Read what I said again. Did I say she is a lazy stay-at-home-wife? No. I said I've seen this a million times. Those who I'm referring to ARE as I described. Was there implication that she may be another of them? Sure, but your inference is where you got sad about it. Am I allowed to make whatever assumption I choose? I sure am, and I exercise that right and ability freely. It's fruitless to get upset about some woman in a photo, whom you probably don't know personally, based solely on some guy-on-the-internet's opinion. I know, I know, you're anti-negativity and that's fine, but I won't just keep to myself if I have an opinion to share - especially one that isn't really derogatory or presumptuous. 

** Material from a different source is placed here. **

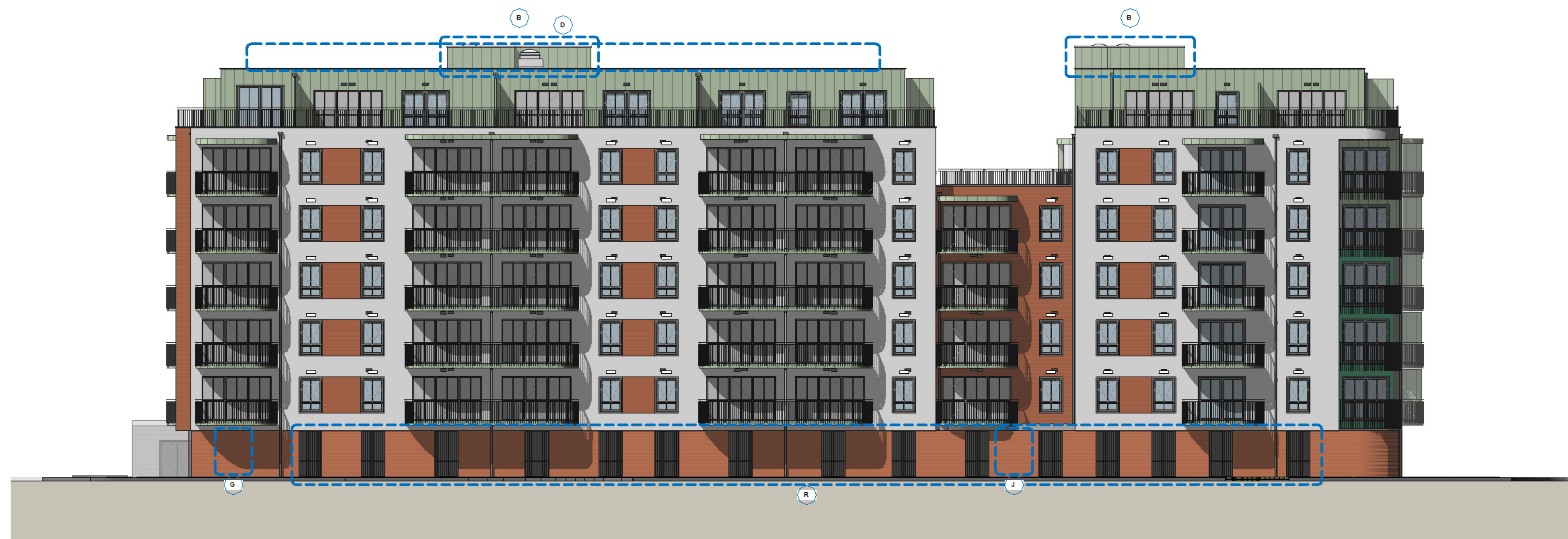
7. SOUTHWEST TRUE ELEVATION (JETLINER WAY) 1 : 100

Now let's all just be friends!


----------



## pixmedic (Dec 7, 2012)

thetrue said:


> pixmedic said:
> 
> 
> > aaaaand? this affects us  how? so if you get a brand new mac i7 computer and don't do anything with it except surf the web you shouldn't have been allowed to buy it? who cares if she IS just some mom that wanted a good camera? Im guessing the pictures was taken in America, where for the moment, we still have the right to go and spend our money how we want. I like how you also assume that her "hubby" makes the money and that it cant possibly be because she has a good job with a good income....classy
> ...



so..doesn't that mean I am allowed to make whatever assumption I choose about your comments? and comment freely on them without you fruitlessly getting mad about some guys comment on the internet? (this is all totally tounge-in-cheek BTW, and I have obviously way overused the word "comment", which is now starting to sound weird to me because I have said it too many times)


----------



## thetrue (Dec 7, 2012)

Yes, yes you are allowed to make any assumption you'd like, etc.).I'm not mad


----------



## pixmedic (Dec 7, 2012)

am I the only one here that would LOVE to see the picture she took of those nachos? maybe shes doing a nacho HDR...that would be so awesome! some serious high cheesy dynamic range.


----------



## thetrue (Dec 7, 2012)

Nacho macro HDR??? That might be very interesting.


----------



## CMfromIL (Dec 7, 2012)

thetrue said:


> Nacho macro HDR??? That might be very interesting.



Nacho-Macro HDR sounds like a Mexican wrestling championship event.  "Sponsored by Corona".  Or better yet, the worlds most interesting man "I don't often watch pro wrestling...but when I do it's the Nacho-Macro HDR"


----------



## thetrue (Dec 7, 2012)

HAHAHAHAHA. "SOLOMENTE en Telemundo!"


----------



## John27 (Dec 7, 2012)

Derrel said:


> Did she spend three hours photographing those nachos??? Was it a lifestyle nacho shoot?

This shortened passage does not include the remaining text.